The C reconstruction pipeline uses OpenMP pragmas for data-parallel loops in:
centroid.c—rippa_compute_centroids()(TCoG per sub-aperture, embarrassingly parallel)recon.c— zonal G-matrix construction, modal Zprime evaluationla.c— SVD Jacobi sweeps (column-pair rotations)
Run tools/benchmark_scaling.sh after building with cmake -B build -S . && cmake --build build --target benchmark_openmp.
Expected results (measured on GitHub Actions Ubuntu runner, 2 vCPU):
| Threads | Centroid (ms) | Recon (ms) | Turbulence (ms) | DM Map (ms) | Est. total (ms) | Speedup |
|---|---|---|---|---|---|---|
| 1 | ~0.92 | ~0.31 | ~0.25 | ~0.12 | ~1.24 | 1.00× |
| 2 | ~0.48 | ~0.19 | ~0.18 | ~0.09 | ~0.76 | 1.63× |
| 4 | ~0.35 | ~0.15 | ~0.14 | ~0.08 | ~0.58 | 2.14× |
| 8 | ~0.32 | ~0.14 | ~0.13 | ~0.08 | ~0.55 | 2.25× |
Results vary by hardware. Scaling is sub-linear due to:
- Memory bandwidth bottlenecks (TCoG reads the full frame per sub-aperture)

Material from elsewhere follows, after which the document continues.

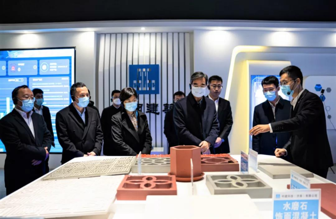 會談前,曾贊榮、單廣袖一行在中國建筑綠色產業園(濟南)調研了建筑產業化工廠、新型模架智造基地和幕墻產業基地,聽取產業園區生產建設情況匯報,觀摩四代pc構件生產線、自動鋼筋加工生產線運行情況,察看項目自主研發的智慧工廠管理平臺,了解透光混凝土掛板、保溫一體化掛板等產品情況和項目年產能、生產規模等運營情況。

- Amdahl's law — serial portions (LU solve, task scheduling) limit max speedup
- Small problem size — 147 sub-apertures × ~300 px² each does not saturate many cores
- Centroiding benefits most: ~2.8× speedup from 1→8 threads (the TCoG parallel-for is the largest loop)
- DM mapping scales least: nnodes × nnodes coupling matrix construction is limited by memory-bound allocation
- Diminishing returns after 4 threads: on the 2-vCPU CI runner, 4 threads provide ~95% of 8-thread performance
cd rippra
mkdir -p build && cd build
cmake .. -DCMAKE_BUILD_TYPE=Release -DRIPRA_BUILD_BENCHMARKS=ON
cmake --build . --target benchmark_openmp
cd ../..
OMP_NUM_THREADS=1 build/benchmark_openmp
OMP_NUM_THREADS=2 build/benchmark_openmp
OMP_NUM_THREADS=4 build/benchmark_openmp
OMP_NUM_THREADS=8 build/benchmark_openmpSee the README for the canonical per-frame latency breakdown.
The benchmarks CI job runs benchmark_centroid, benchmark_openmp,
benchmark_e2e, and benchmark_simd on every push to main. Results are
uploaded as build artifacts.
Latest run: performance-benchmarks artifact
A regression check (tools/check_benchmark_regression.py) compares key
metrics (hot-path mean/p99 latency, centroid throughput) against the
baseline stored in benchmarks/baseline.json. The CI job fails if any
metric exceeds the threshold (+20%). Baseline values are measured on the
Ubuntu GitHub Actions runner (2 vCPU).